The rest of the album works like that, too, its hidden treasures already revealing themselves after less than 48 hours. “Instant Crush” and “Beyond” sounded like trifles at first, breaks between the peak moments, but after a few listens I’m already passionately singing along. “Lose Yourself To Dance” sounded clumsy and thin, but it caught me off-guard when I was cleaning my house last night, its deft syncopation, so different from the whump-whump-whump that we’ve accustomed ourselves to, suddenly convincing me that I’m a much better dancer than I actually is. And “Fragments Of Time,” the aforementioned Steely Dan joint, hasn’t snuck up on me that way yet, and maybe it will always sound plasticy and chintzy to me.

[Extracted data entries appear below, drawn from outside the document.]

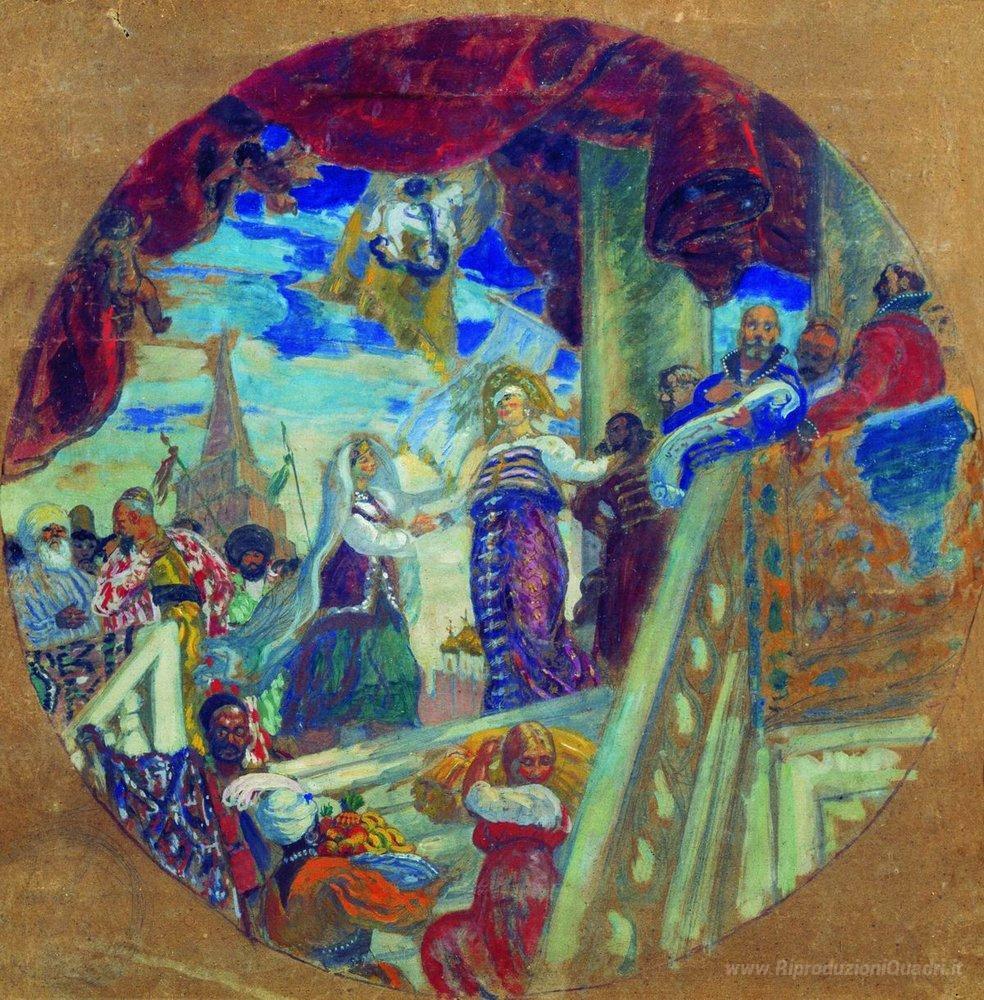 Ti offriamo una riproduzione artigianale su tela dell'opera famosa 'Unire Kazan in Russia. Allegoria' di Boris Kustodiev, dal Museo delle Riproduzioni.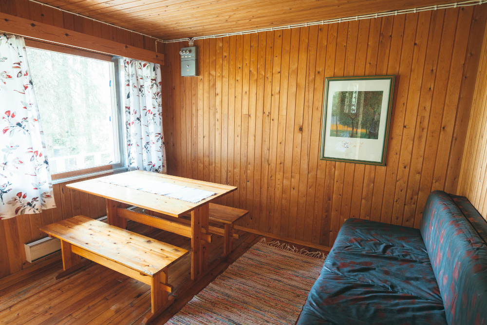 4 hlö. Levitettävä sohva, kerrossänky alkovissa.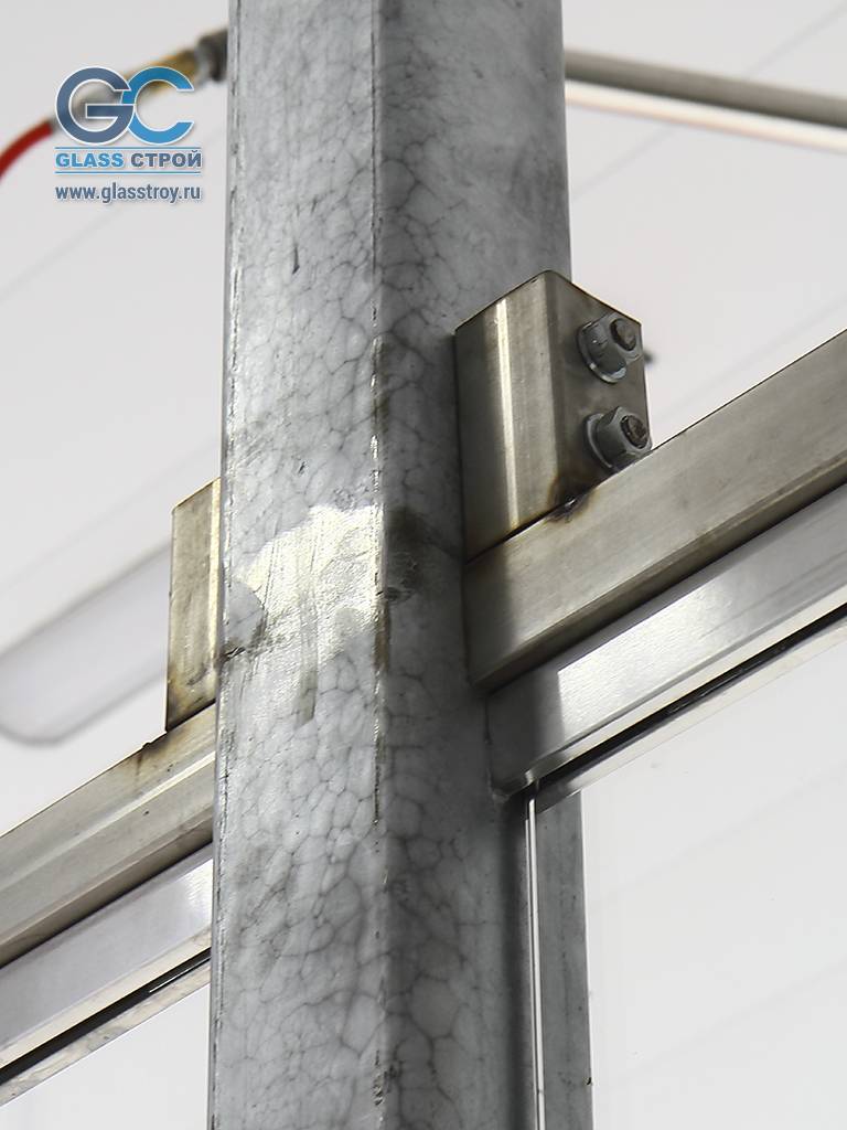 Для помещений с потолками выше 3,0 м рекомендуется профильная система со стенками в 10 мм. Конструкция фиксируется к основанию по типу предыдущих моделей. Рассчитывается под зажимной профиль для стекла 12 мм и высоту потолка в 4 -5 м.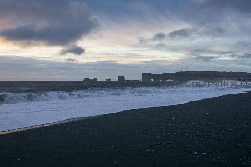 暮色渐浓,黑沙滩在余晖中泛着微光,层层海浪不断涌向岸边,远方的悬崖和礁石化作深色剪影,天空云层变幻莫测,营造出一种苍茫而诗意的氛围。
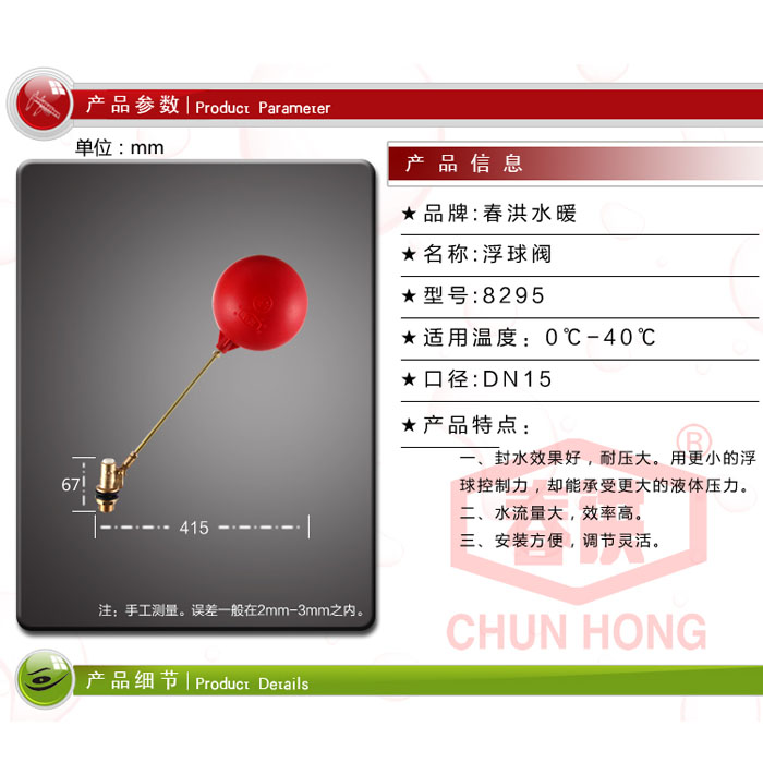 Chunhong brand float valve red plastic float valve water tank water tower special float valve inlet valve switch 4 points 8295
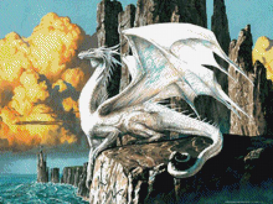 Схема вышивки «белый дракон страж» (№966520)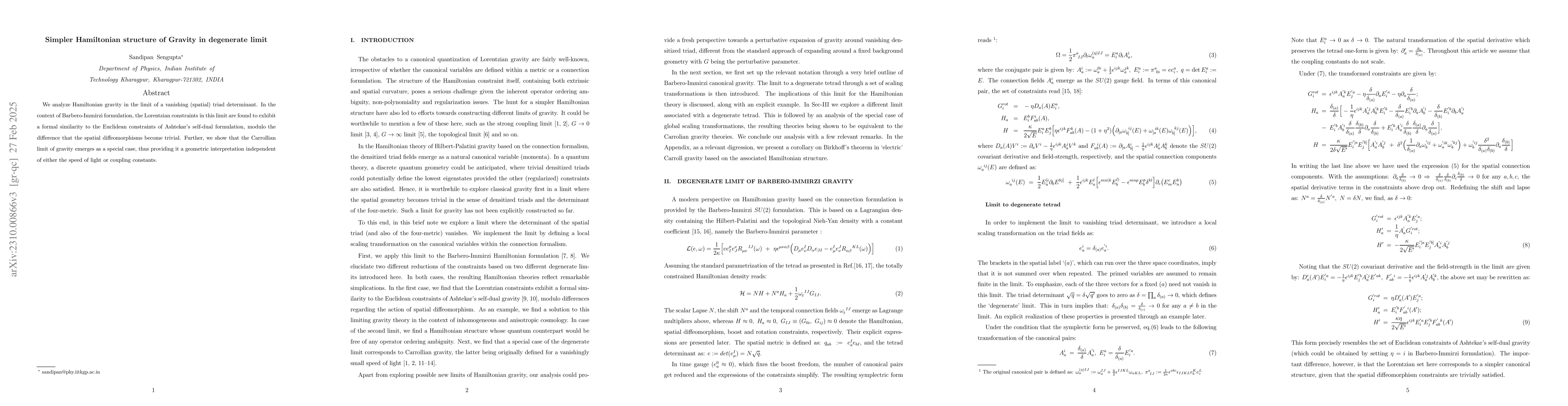 We unravel the structure of gravity theory in the limit to a curvature singularity, approached through a vanishing spatial metric determinant. The resulting canonical formulation is remarkably simple, having no spatial diffeomorphism constraint and exhibiting a purely algebraic Hamiltonian constraint free of the spatial three-curvature. Based on this, we propose a natural resolution to the horizon problem in cosmology. This limit implies a regular approach to singularity and predicts a stiff phase (w = 1) right after the big bang. This suggests an alternate scenario compared to the Belinski-Khalatnikov-Lifshitz (BKL) oscillatory approach. We also find that the Birkhoff theorem is violated in this limit. The essential inequivalence of this limit to the Carrollian limit of gravity, which is shown to share this (last) feature, is elucidated.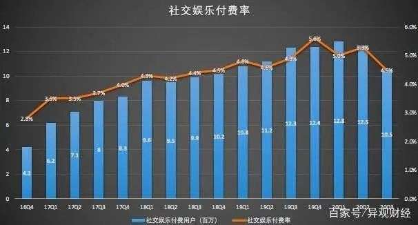 在衡量付费用户氪金能力的ARPPU值上,社交娱乐业务在今年前两个季度都有所下滑,直到第三季度才出现了一定的回升。此外,社交娱乐用户付费率今年以来也频频滑落,三季度的付费率仅为4.5%,低于去年同期的4.9%,也不及一季度的5.0%和二季度的5.3%。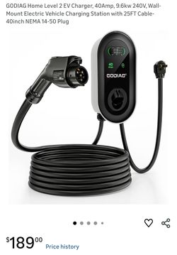 GODIAG Home Level 2 EV Charger, 40Amp, 9.6kw 240V, Wall-Mount Electric Vehicle Charging Station with 25FT Cable-40inch NEMA 14-50 Plug$59Artesia, CA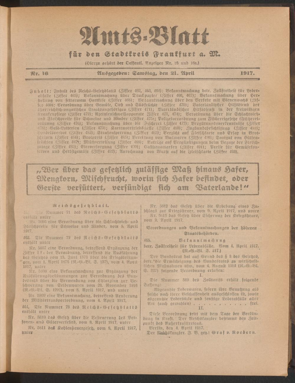 Amtsblatt für den Stadtkreis Frankfurt a.M.....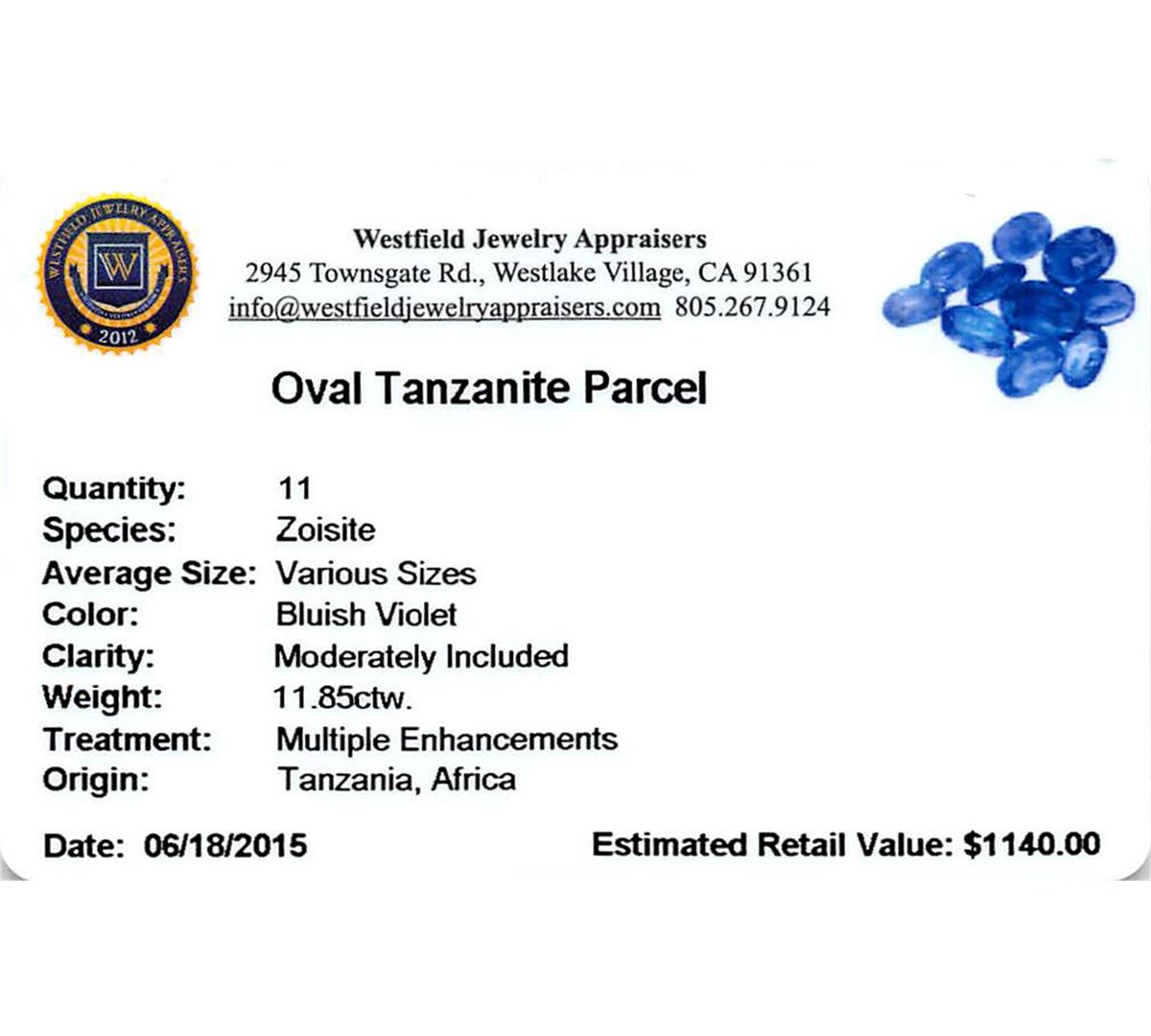 Eleven oval mixed cut natural tanzanites exact total weight 11.85ct., clarity is moderately included, type I, medium dark, very slightly grayish, bluish violet color, (GIA bV 6/3), cut is good. Transmitting light with a minimum of distortion, transparent. Naturally occurring internal & external characteristics are present. Color grade is an average for the group. Tanzanite is a very rare gemstone that is only found in the country of Tanzania. Originally discovered in 1967. Tiffany & Company, named the stone Tanzanite. It is found in the Usumburu Mountains that border the Umba Valley of northern Tanzania. Tanzanite occurs in gray, brown, violet, blue, reddish-purple, & green. The gem is interesting because of its exceptional pleochroism. Rotated in different directions a tanzanite will exhibit multiple changes of color. Tanzanite has a low tolerance to ultrasonic cleaning, and should not be cleaned using this method. Westfield Appraised at $1,140.00.

But now, it seems a whole lot more likely that it’ll sneak up and grab me by the neck at some point in the very near future. Daft Punk songs have a way of doing that. And sure, Random Access Memories is an album about music, an act of curation-as-art more concerned with making a statement about the way we make jams now than in cranking out some immediate summer jams that we’ll all enjoy. It suffers for that, a bit. But the jams are there, and they reveal themselves more every time I hear the album. Maybe it’s not the album that we wanted from Daft Punk. But it’s sure as hell the album that Daft Punk wanted from Daft Punk. And heard in its own terms, that’s a pretty marvelous thing.